- 36°43′04″N 42°16′27″E﻿ / ﻿36.71784672°N 42.27420241°E
- Type: tell
- Periods: Pre-Pottery Neolithic, Pottery Neolithic
- Location: Nineveh Governorate, Iraq
- Region: Upper Mesopotamia

Site notes
- Height: 0.5 metre
- Diameter: 100 metre
- Excavation dates: 1987–1988
- Archaeologists: Stuart Campbell

= Ginnig =

Archaeological site in Iraq

Ginnig is a tell (archaeological settlement mound) in Upper Mesopotamia (modern Nineveh Governorate, Iraq) that was occupied at the transition from the PPNB to the Pottery Neolithic.

== History of research ==
The site was discovered in 1986 during an archaeological field survey directed by Tony Wilkinson. It was excavated during a single season in 1987-1988 under the direction of Stuart Campbell, during which just over 80 m^{2} was excavated.

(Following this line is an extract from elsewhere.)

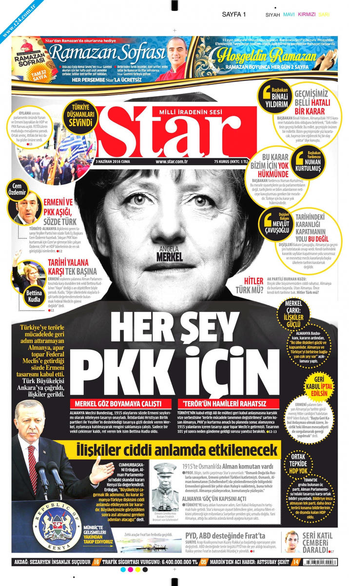 Star Gazetesi’nin manşeti ise sosyal medyada en çok tartışma yaratan manşet oldu. Angela Merkel’i, Hitler’in bıyığından esinlenen bir tasarımla resmeden gazete, ‘Her Şey PKK İçin’ manşetini attı; hem Cem Özdemir başta olmak üzere ‘evet’ oyu veren milletvekillerini hem de meclisteki kınama mesajına imza atmayan HDP’yi hedef gösterdi.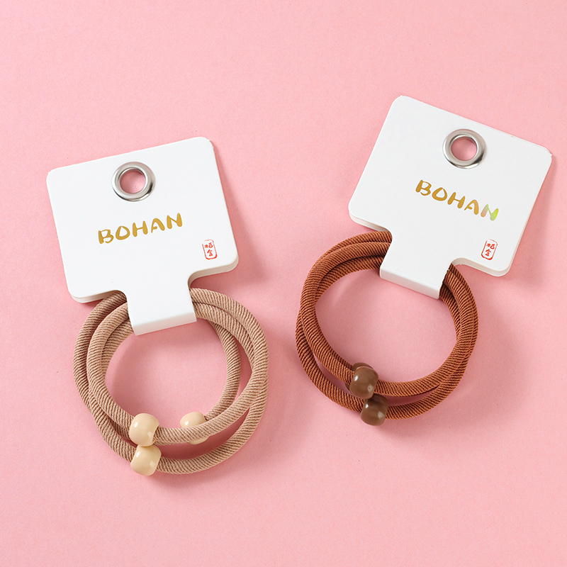 Boxed three brown beads twill rubber band

== The site and its environment ==
Ginnig is located in Nineveh Governorate (Iraq). The site measures some 80 by 100 m and extends ca. 50 cm above the surrounding plain. Excavation has shown that its depth is at least 2.2 m.

== History of occupation ==
A small excavation trench was dug down to virgin soil. Tauf walls were found in the deepest levels, but no pottery.

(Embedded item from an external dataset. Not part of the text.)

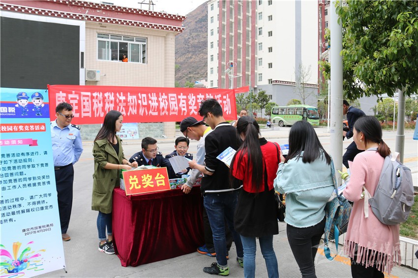 本網訊(吳海波 記者 張嗥)購物時商家不給發票,可以打哪個電話進行投訴?增值稅納稅人分為哪幾類?”這一系列與生活息息相關的稅法知識有獎答題,引來了眾多四川民族學院同學的熱情參與。4月20 日,康定市稅法宣傳月活動持續升溫,稅法宣傳首次走進高等院校。

The excavation revealed an almost complete building in the top-most, most recent level at Ginnig, with scant evidence for several other buildings. The complete building was constructed of tauf walls and consisted of multiple small, irregular rooms . It is possible that the building was built agglutinatively by adding rooms one at a time. Some of the walls may not have extended up to the roof. Small doorways gave access to the rooms and these are parallelled at other contemporary sites such as Sotto and Yarim Tepe. Based on the artefacts that were recovered from the rooms, it has been suggested that each room may have been used for separate domestic activities. Animal bone and skull remains found at the bottom of the walls and in pits dug into the floors of the rooms have been interpreted as ritual deposits related to the "opening" and "closing" of the building. Small quantities of pottery were found in this level.

The lithic material from the site seems to indicate that Ginnig was occupied from the PPNB to the Pottery Neolithic. The lithics are similar to those recovered from nearby sites such as Qermez Dere and M'lefaat. The pottery from the latest level has been described as a "monotone prototype version of the now well-known proto-Hassuna assemblage". The site is important as it one of only a few in Upper Mesopotamia where early ceramic material was excavated in combination with earlier, aceramic material.